BRIEF DESCRIPTION OF THE DRAWINGS
[0010] The various features and advantages of the invention will
become apparent to those skilled in the art from the following
detailed description of the currently preferred embodiment. The
drawings that accompany the detailed description can be briefly
described as follows:
[0011] FIG. 1 shows a side view of a latch mechanism in accordance
with the invention.
DETAILED DESCRIPTION OF THE PREFERRED EMBODIMENT
[0012] Referring to FIG. 1, a latch mechanism 10 comprises a
chassis 11 having a latch bolt 12 and a retaining means in the form
of a pawl 13 mounted thereon. The chassis 11 is in the form of a
plate. A slot 14 known as a fish mouth is defined on the chassis
11. The latch bolt 12 comprises two arms 15 which define a recess
16.
[0013] The latch bolt 12 has a overmold 18. The overmold 18 is
formed of elastomeric material. The overmold 18 comprises a first
buffer 20, a second buffer 22 and a third buffer 24. It is
immediately noticeable from FIG. 1 that the third buffer 24 is much
larger than the first and second buffers 20, 22. The first buffer
20 comprises a small cavity 26 bound by a small loop 28 of the
overmold 18. The second buffer 22 is similarly formed.
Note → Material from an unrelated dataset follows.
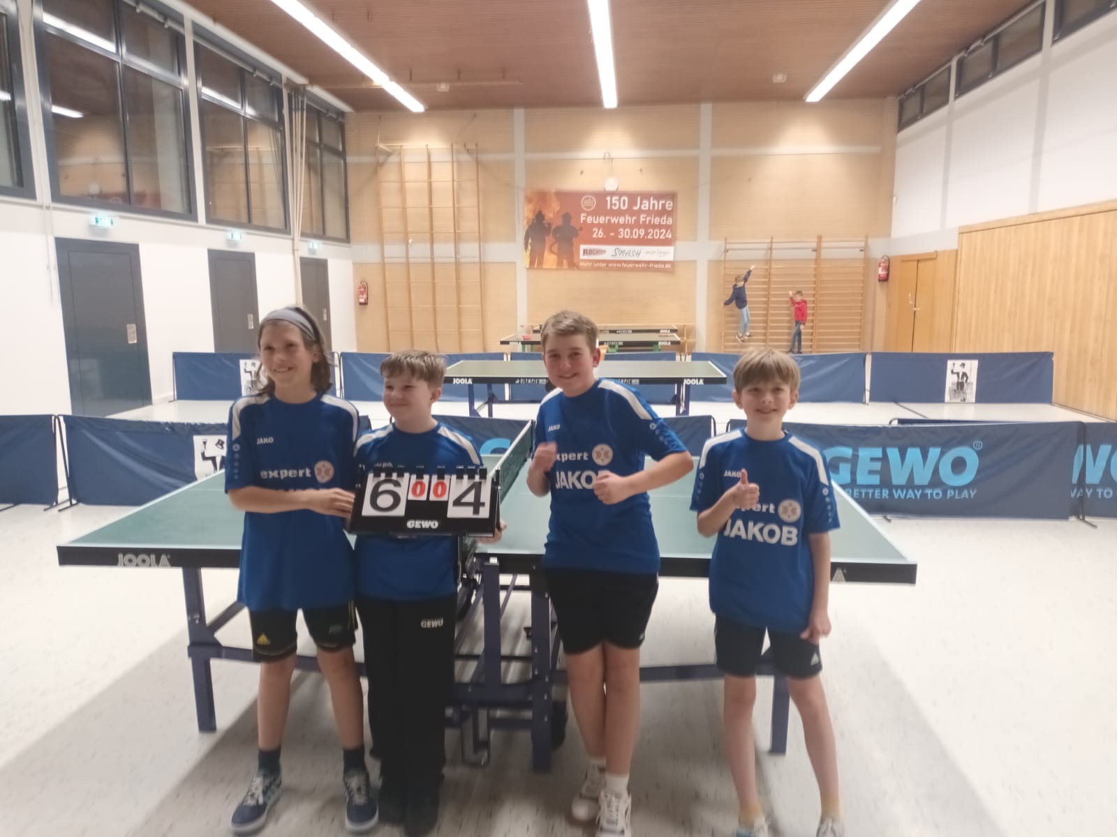 Als das abschließende Einzel gespielt war, lagen sich die Spieler des TSV 1910 Frieda am Dienstagabend in den Armen: Nach weniger als 2 Stunden Spielzeit hatten sie gerade für den nicht unverdienten 6:4-Endstand (19:15 Sätze) in der Jungen 15 Kreisliga Partie gegen den MTV 03 Unterrieden gesorgt.

The third
buffer 24 comprises a first large cavity 30 and a second large
cavity 32, the cavities 30, 32 being bound by successive first and
second large loops 34, 36 of the overmold 18.
[0014] The first and second large cavities 30, 32 are of elongate
form. The ends of each large cavity 30, 32 are of increased width
and rounded so as to confer a bone shaped appearance to the large
cavities 30, 32 in cross section. The first large cavity 30 is
longer than the second large cavity 32.
[0015] The pawl 13 comprises an impact surface 38 and an engaging
surface 40. The latch bolt 12 has a closed abutment 41 adapted to
engage the engaging surface 40 of the pawl 13. The latch bolt 12
comprises a first safety abutment 25 at its periphery between the
recess 16 and the third buffer 24.
[0016] The chassis 11 comprises an over-travel abutment 42 and an
open latch abutment 44. The latch bolt 12 is rotatably mounted at a
first pivot 46 on the chassis 11. The pawl 13 is rotatably mounted
at a second pivot 48 on the chassis 11. The latch bolt 12 is biased
by biasing means counter clockwise about the first pivot 46 as
shown in FIG. 1. The pawl 13 is biased by further biasing means
clockwise about second pivot 48 as shown in FIG. 1.
[0017] It will be appreciated that the first buffer 20 is at the
same radial distance from pivot 46 as open latch abutment 44, i.e.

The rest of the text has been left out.